DC Language Access Program FY24 Annual Compliance Review

Annual citywide compliance review with agency scorecards, performance indicators, and reporting across covered DC entities.

Report/evaluation United States District of Columbia Washington 2024

Record Overview

Profile Type City
Institution DC Office of Human Rights
Country United States
State / Region District of Columbia
City Washington
Slug dc-language-access-program-fy24-annual-compliance-review

Tags

annual review accountability compliance monitoring performance scorecard reporting cycle language data complaint process corrective action training requirement

Capacity Domains

Data and Monitoring

Reporting Requirements

Major public-contact agencies must designate a Language Access Coordinator, collect LEP/NEP interaction data, provide interpretation, translate vital documents, train staff, maintain an internal policy, develop a Biennial Language Access Plan, and report implementation progress to OHR quarterly. Non-major public-contact agencies must submit a yearly implementation report.
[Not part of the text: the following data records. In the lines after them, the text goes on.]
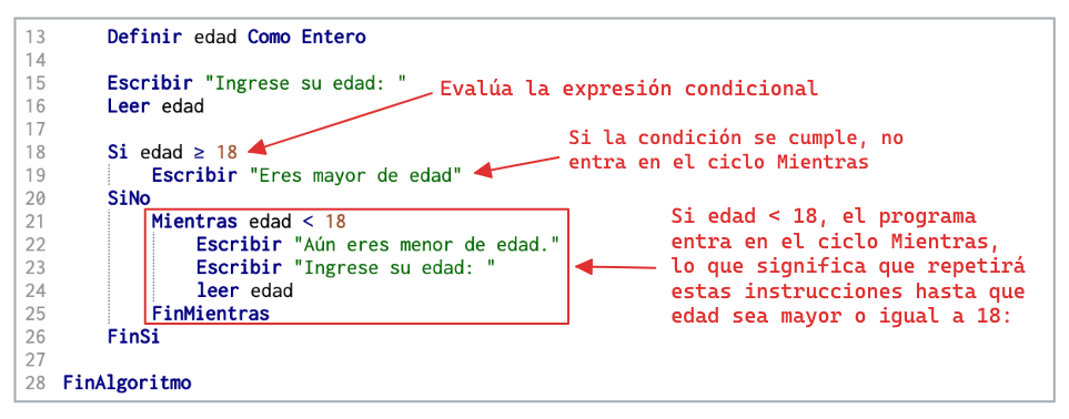 Continuando con el pseudocódigo, utilizamos el ciclo mientras Mientras para mantener al usuario ingresando su edad hasta que sea mayor a 18, como lo muestra la siguiente ilustración:
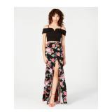B DARLIN $99 MSRP Womens Fit + Flare Full-Length Skirt Black Slitted Evening Floral Print Juniors 1\2 |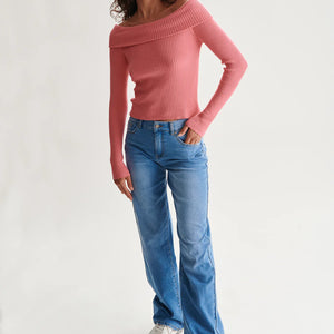 MAGLIONCINO ROSA CON SCOLLO A BARCA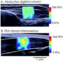 Supersonic shear imaging of the stiffness during contraction of the hand muscles abductor digiti minimi (A) and first dorsal interosseous (B). The scale is in kPa of shear modulus.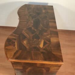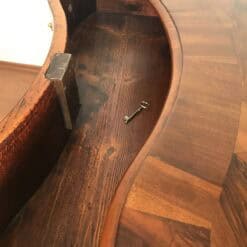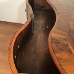Original brass handles and escutcheons remain intact, adding to its authenticity and historical character. The surface has been expertly refinished using traditional shellac hand polishing, enhancing the depth and warmth of the walnut veneer while preserving the integrity of the piece.

OHR conducts an annual compliance assessment across covered entities.

Training Requirements

Staff language access compliance training required; agencies report training activity to OHR; FY24 included 483 trainings for 14,592 employees, contractors, and grantees; OHR expanded online training through Articulate module across 66 covered entities.

Complaint Mechanism

Individuals or organizations may file a language-access complaint with the DC Office of Human Rights. The Language Access Program Director oversees the complaint process, issues final findings, and works with non-compliant covered entities on corrective actions.

Service and Operational Features

Citywide compliance scorecards; agency performance indicators; field testing; quarterly and annual reporting; Language Access Coordinators; Biennial Language Access Plans; training; vital-document translation; telephonic interpretation; multilingual phone trees; community outreach; complaint enforcement.

Languages Covered

DC uses agency-specific language thresholds. Vital documents must be translated when a language group reaches 3% of the agency population served or 500 individuals, whichever is less. FY24 reporting references interpretation across 77 languages and highlights population language groups including Spanish, Amharic/Somali/Other Afro-Asiatic, French, Chinese, Korean, and Persian/Farsi/Dari.